相比原作者提供的源码,新增了计算准确率的部分

# -*- coding:utf-8 -*-
import numpy as np
import csv
import matplotlib.pyplot as plt
from sklearn.feature_extraction.text import CountVectorizer
from sklearn.cluster import KMeans
from sklearn.manifold import TSNE

#处理域名的最小长度
MIN_LEN=10

#随机程度
random_state = 170


def load_alexa(filename):
    domain_list=[]
    csv_reader = csv.reader(open(filename))
    for row in csv_reader:
        domain=row[1]
        if len(domain) >= MIN_LEN:
            domain_list.append(domain)
    return domain_list

def load_dga(filename):
    domain_list=[]
    #xsxqeadsbgvpdke.co.uk,Domain used by Cryptolocker - Flashback DGA for 13 Apr 2017,2017-04-13,
    # http://osint.bambenekconsulting.com/manual/cl.txt
    with open(filename) as f:
        for line in f:
            domain=line.split(",")[0]
            if len(domain) >= MIN_LEN:
                domain_list.append(domain)
    return  domain_list

def kmeans_dga():
    x1_domain_list = load_alexa("../data/dga/top-100.csv")
    x2_domain_list = load_dga("../data/dga/dga-cryptolocke-50.txt")
    x3_domain_list = load_dga("../data/dga/dga-post-tovar-goz-50.txt")

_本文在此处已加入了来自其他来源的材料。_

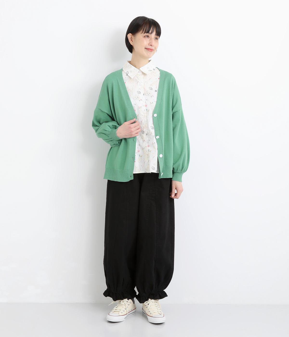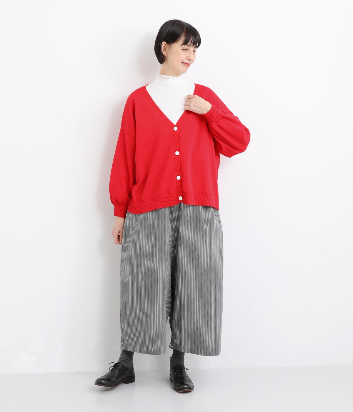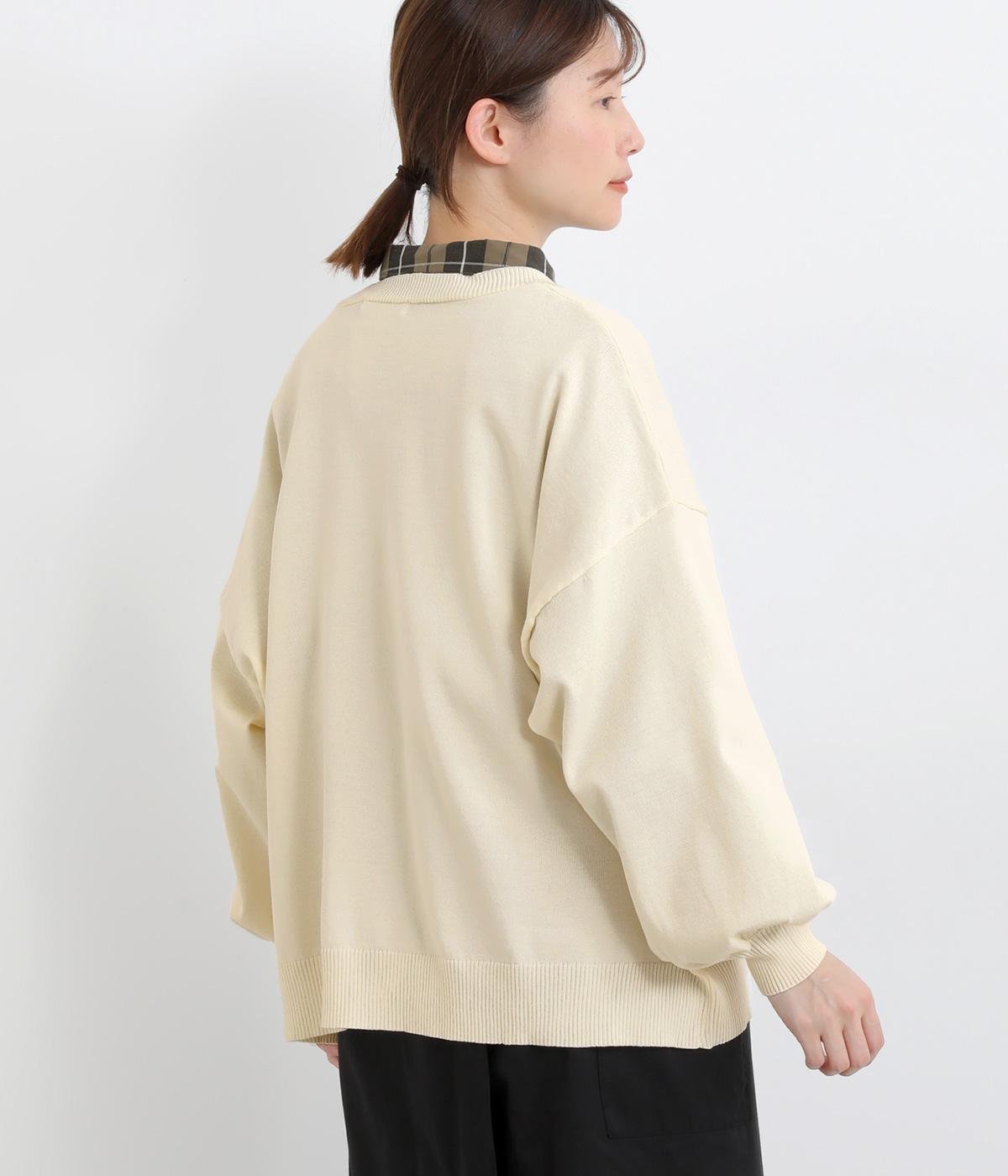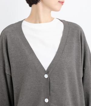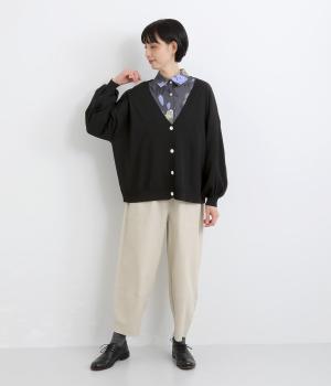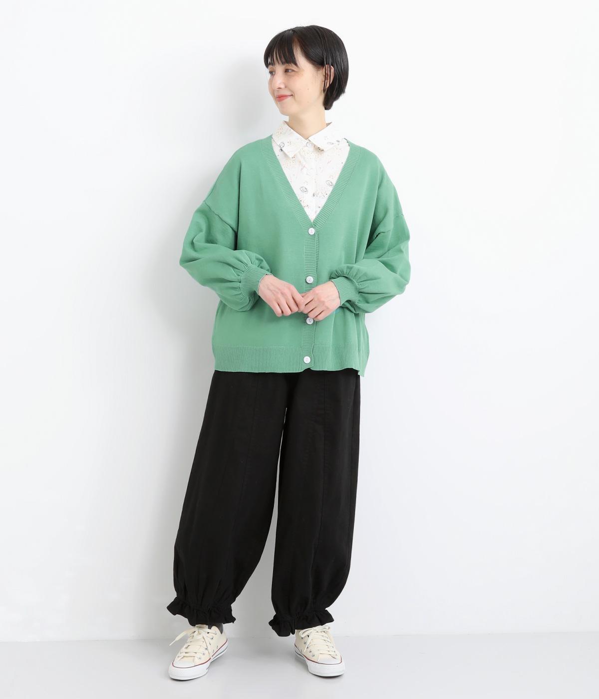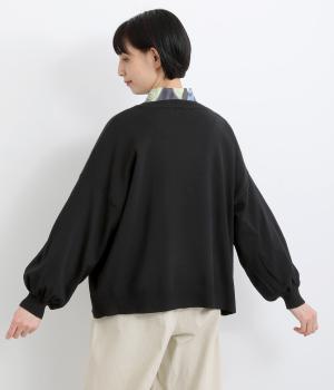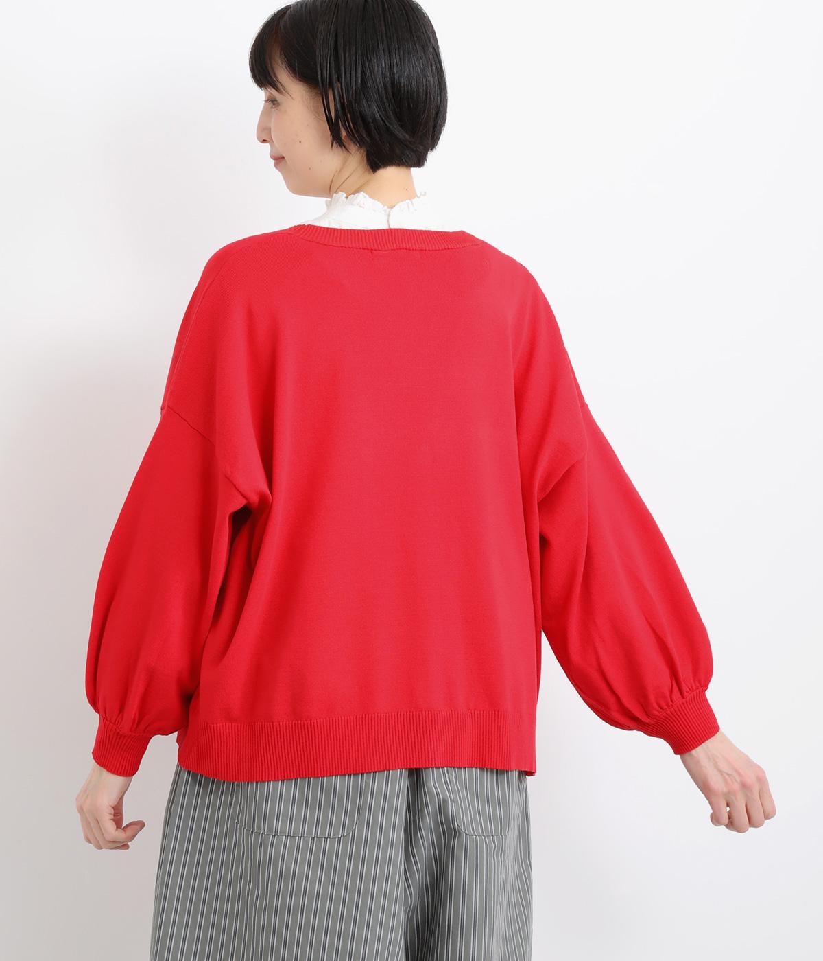 ふんわりと膨らんだ袖が、かわいらしい印象をもたらすVネックカーディガンです。伸縮性のあるドロップショルダーで、さまざまなインナーと重ねやすく仕立てました。前を開けてラフに羽織ってもサマになります。

    x_domain_list=np.concatenate((x1_domain_list, x2_domain_list,x3_domain_list))
    #x_domain_list = np.concatenate((x1_domain_list, x2_domain_list))

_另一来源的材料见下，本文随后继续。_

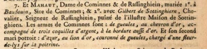 - Mahaut, Lady of Cominnes & de Raffinghiein, married first to Baudouin, sire de Cominnes & secondly with Gilbert de Sottinghiern, a knight & Lord of Raffinghiein.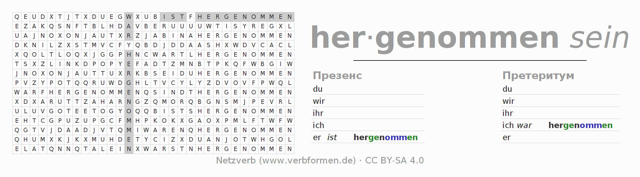 С помощью этих головоломок по поиску слов Вы можете подходящим для Вас способом изучать спряжение немецкого глагола hernehmen.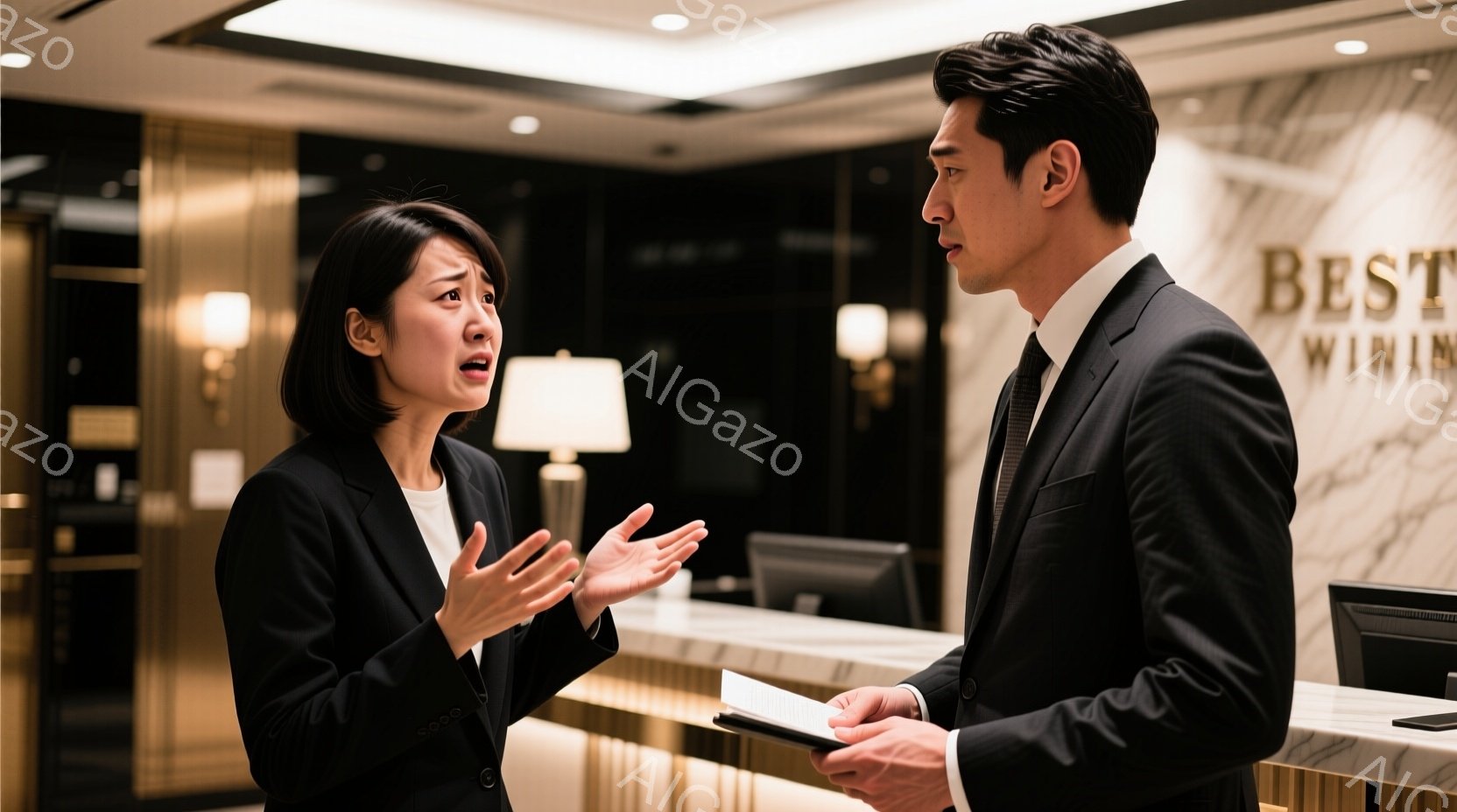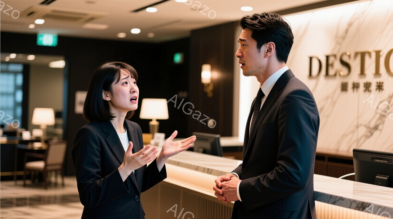 若い女性は白いシャツを着ており、黒髪を肩の長さで切り揃えています。彼女は何かを説明しているようで、少し真剣な表情で手を広げています。背景にはカフェのような内装が見え、年配の男性が彼女の言葉に耳を傾けています。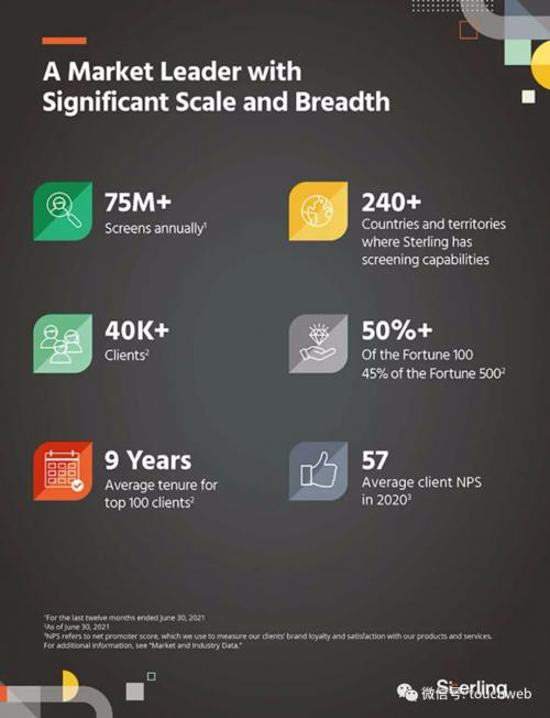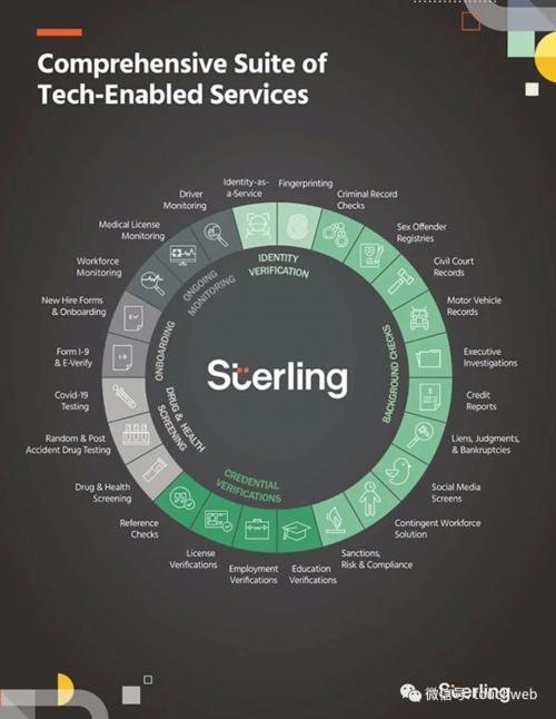 Sterling Check成立于2015年,基于专门构建的专有云平台,可快速高效地为招聘企业提供背景筛查和身份验证服务。公司提供的招聘和风险管理解决方案,涉及身份验证、犯罪背景筛查、凭证验证、药物和健康筛查以及处理员工入职文件和持续的风险监控。

    y1=[0]*len(x1_domain_list)
    y2=[1]*len(x2_domain_list)
    y3=[1]*len(x3_domain_list)

    y=np.concatenate((y1, y2,y3))
    #y = np.concatenate((y1, y2))

    cv = CountVectorizer(ngram_range=(2, 2), decode_error="ignore",
                                          token_pattern=r"\w", min_df=1)
    x= cv.fit_transform(x_domain_list).toarray()
    model=KMeans(n_clusters=2, random_state=random_state)
    y_pred = model.fit_predict(x)

    tsne = TSNE(learning_rate=100)
    x=tsne.fit_transform(x)
    print(np.mean(y_pred == y) * 100)

    for i,label in enumerate(x):
        #print('index:', i, 'label:', label)
        x1,x2=x[i]
        if y_pred[i] == 1:
            plt.scatter(x1,x2,marker='o')
        else:
            plt.scatter(x1, x2,marker='x')
        #plt.annotate(label,xy=(x1,x2),xytext=(x1,x2))

    plt.show()

if __name__ == '__main__':
    kmeans_dga()
72.15189873417721

可视化如下

img

看起来效果不怎么地啊

 测试仅区分正常数据与cryptolock家族的DGA域名,代码修改如下

def kmeans_dga():
    x1_domain_list = load_alexa("../data/dga/top-100.csv")
    x2_domain_list = load_dga("../data/dga/dga-cryptolocke-50.txt")
    x3_domain_list = load_dga("../data/dga/dga-post-tovar-goz-50.txt")
    x_domain_list = np.concatenate((x1_domain_list, x2_domain_list))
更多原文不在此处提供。